Approaching a Cancer Diagnosis With Positivity
- A young grandmother thought she was experiencing menopause before she was diagnosed with goblet cell carcinoma, a rare cancer of the appendix.
- While beginning treatment, she decided to make a bucket list and check off as many items from it as she could with the time she has left.
- Positivity and a good outlook can go a long way when facing a cancer diagnosis, according to experts.
- For those who are, understandably, struggling to remain in good spirits, there are plenty of mental health resources available.
Her story serves as a reminder about the importance of speaking up if you know something is wrong with your body, or you begin experiencing new symptoms — because doctors initially didn’t understand what was causing her to experience pain in her abdomen.Read More
Her doctors were initially stumped, thinking she may be suffering from something like endometriosis, a disorder where tissue grows outside of the uterus, often causing serious pain. When she finally got the goblet cell carcinoma diagnosis a month later, she vowed to take a positive approach to treatment — and immediately got to work on a bucket list, making sure she could do everything she wanted to do.
Goblet cell carcinoids of the appendix are extremely rare, affecting only about one person per 2 million. They are defined by a combination of two types of cancer cells — neuroendocrine (carcinoid) and epithelial (adenocarcinoma).
After the diagnosis, Lauder’s doctors predicted that she would only have a year or so to live — though she has now surpassed that estimate by several months. Even while undergoing chemotherapy, she’s vowed to continue checking as many items off her bucket list as possible.
“It was very tough at first,” she said of the chemo. “[It caused] bad side effects including a bleeding nose, fatigue, and chronic cramp in my stomach, but after 14 months, I switched over to chemo tablets which had smaller side effects. It meant I was still able to do things while having treatment — I wasn’t completely wiped out by it, which was good because time was suddenly very precious to me.”
Since she began treatment, Lauder has taken several vacations — to the Bahamas, Menorca, and Mallorca, attended the Glastonbury music festival, and raised thousands for Cancer Research UK by organizing charity events.
Approaching cancer with positivity
It can be extremely difficult to try to maintain a positive outlook while going through cancer treatments — but as Lauder’s case shows, it really can make a difference. Experts also agree that outlook can have a real impact.
“My patients who thrive, even with stage 4 cancer, from the time that they, about a month after they’re diagnosed, I kind of am pretty good at seeing who is going to be OK,” Dr. Zuri Murrell, a colorectal surgeon at Cedars-Sinai Medical Center, told SurvivorNet in a previous discussion.

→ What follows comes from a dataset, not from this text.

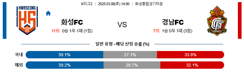 화성 (K리그2 신생팀 / 최근 5경기 승패: 무)
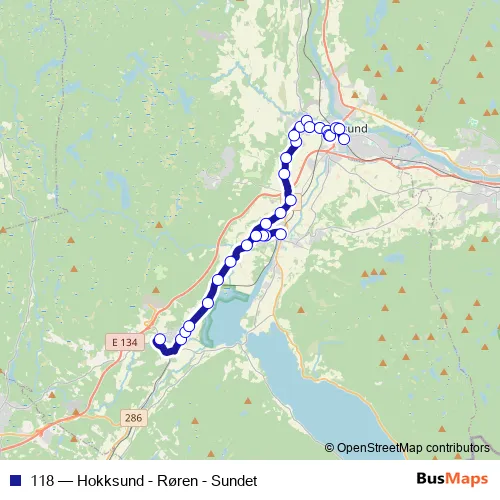 The first stop of the 118 bus route is Åleveien and the last stop is Hokksund stasjon. 118 (Hokksund - Røren - Sundet) is operational during on weekdays.

Dr. Zuri Murrell explains how positivity can make a difference when facing cancer.
“Now, that doesn’t mean I’m good at saying that the cancer won’t grow, but I’m pretty good at telling what kind of patients are going to still have this attitude and probably going to live the longest, even with bad, bad disease — and those are patients who, they have gratitude in life.”
Coping with complex emotions
However, achieving that positive outlook does not come as naturally for everyone as it did for Lauder. Plenty of people struggle a great deal with mental health after a cancer diagnosis. It’s completely normal to feel scared, lost, or even angry at first — and there are plenty of options available to help people facing cancer deal with these complex emotions, including traditional therapy.
“Shame comes from this sense of vulnerability, right? There’s something wrong with me because I’m human and I’m susceptible to illness, and now I have an illness. Now I have cancer,” Dr. William Breitbart, Chief of the Psychiatry Service at Memorial Sloan Kettering Cancer Center, told SurvivorNet when discussing how cancer patients can learn to accept their vulnerability.
Dr. William Breitbart explains how he helps cancer patients learn to deal with vulnerability.
“What I will often point out to people is that we have the ability to choose how we respond to this vulnerability. We can be ashamed of it, or we can use it to create a sense of empathy. I’m imperfect, and now I understand other people who are imperfect. And so being imperfect can teach you how to love other human beings.”
Questions to Ask Your Doctor
- What kind of activities must I avoid during cancer treatment?
- Are there mental health resources specifically catered to people in my situation?
- What options beyond traditional therapy do I have?